Oct 24, 2014
Home / Eastern Canada / Teaching Agro-Literacy to Chefs

Teaching Agro-Literacy to Chefs

Photo by Jared Sych

SAIT Polytechnic in Calgary has some unique things going on within its Culinary Arts programs. Tom Bornhorst, the Dean of Hospitality and Tourism provided us with a recent tour of their facilities, which includes a well maintained vegetable garden, a charcuterie lab, public market, dining room, breakfast bar, patisserie and equipment galore ranging from wood ovens, steamers, rotisseries
and freezers to meat cutters, fryers and blow torches (chefs apparently use this to add a browning effect and visual appeal to their signature dishes). Bornhorst has an obvious passion for food and a notable generosity of spirit. I first met up with him at a meeting announcing the new Alberta Culinary Tourism Alliance, an organization with the clear mandate of promoting Alberta’s food (producers and chefs) to the world. The son of a butcher, with experience in meat cutting and hospitality, he longs to expose SAIT’s culinary students to all aspects of food – taking into account such things as where their food came from, how it was produced, how it was processed, different factors affecting taste and the principles of
art and architecture.

“Our students graduate with a very broad and thorough understanding of food. We provide them with
the tools necessary to work with food in various different environments. It’s amazing how valuable
knowledge of art, architecture and sustainability can be for a chef”, he says.

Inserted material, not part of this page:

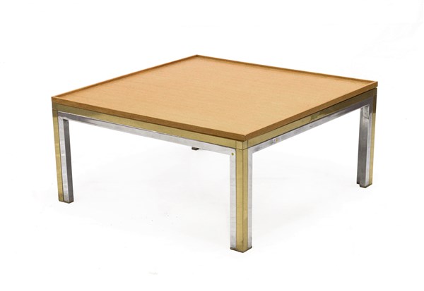 Tavolino da salotto con struttura in metallo argentato e ottone, piano in legno impiallacciato. Italia, anni '70. (cm 80x39,5x80) (lievi difetti)

This philosophy of broader-thinking is quite commonplace with the award-winning Culinary Arts faculty
members. In 2010, Andrew Hewson, an instructor and past recipient of the Cadmus Foundation Trades
Teaching Chair award, approached the Dean with an idea on how to bring culinary students physically
closer to their ingredients. “If they need thyme in a recipe, they should be able to identify it in a
garden”, says Hewson. And so it was created. The on-campus culinary garden is maintained and used
for on-site food preparation in the dining room, breakfast and lunch bar. And the retail shelves of their
market are stocked with student-made jams, jellies and condiments.

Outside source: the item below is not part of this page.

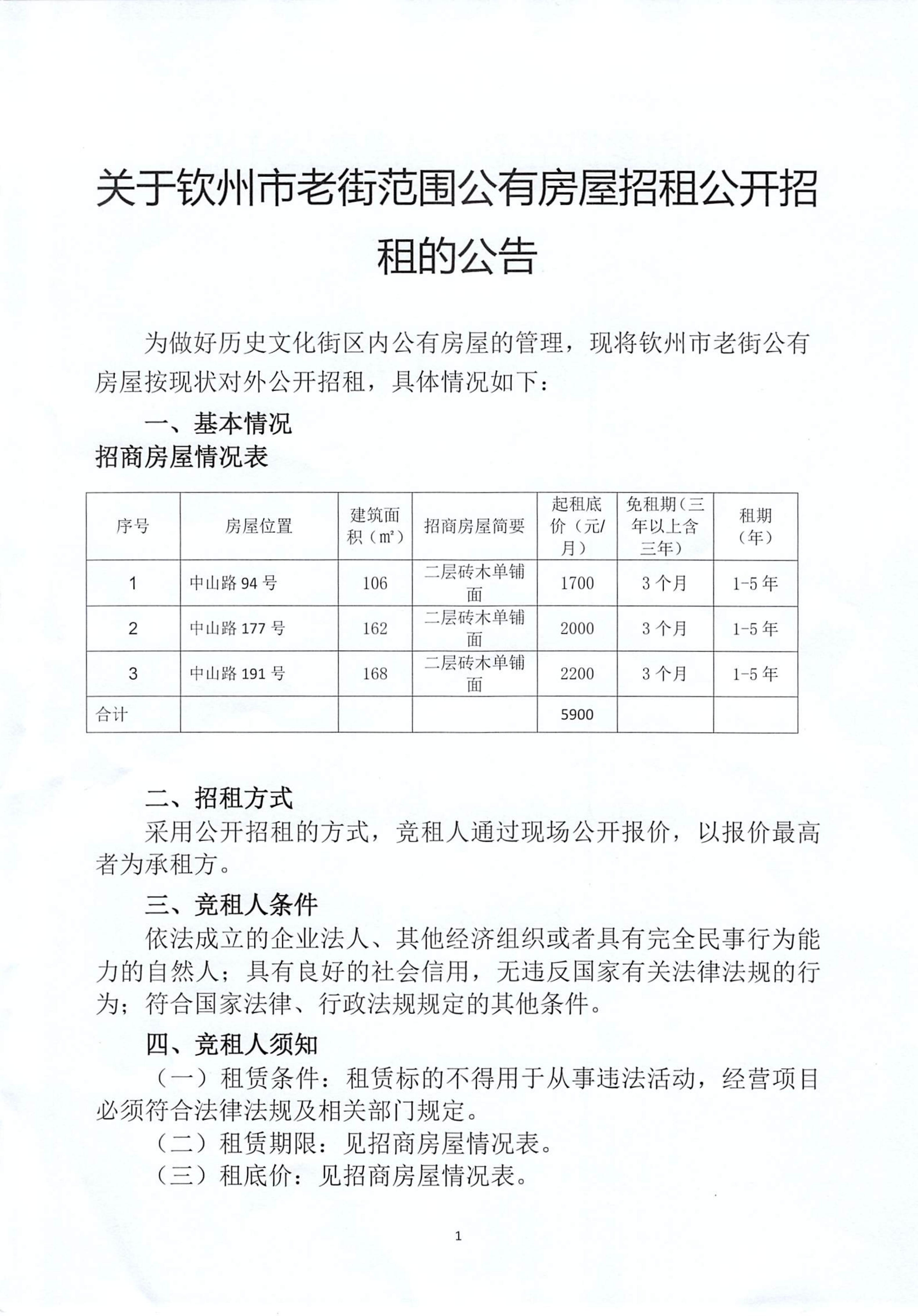 關(guān)于欽州市老街范圍公有房屋招租公開招租的公告

“Our approach to teaching embodies what we call agro-literacy. By weaving agricultural messaging into
our teachings, we are creating chefs with a greater appreciation for food and a tighter connection to
their ingredients”, says Bornhorst.

This fall, when classes start up again, farm tours will resume, a downtown Campus will open in Calgary
and the school will officially open its new charcuterie lab. Said to be one of the few of its kind in North
America, the lab will be equipped with steam kettles, sausage makers, and curing equipment. “There’s
a real trend in charcuteries among restaurants and foodies”, says Bornhorst, “This is not a fad”. And
judging from the school’s Culinary Arts waiting list, this school is right on top of the trends.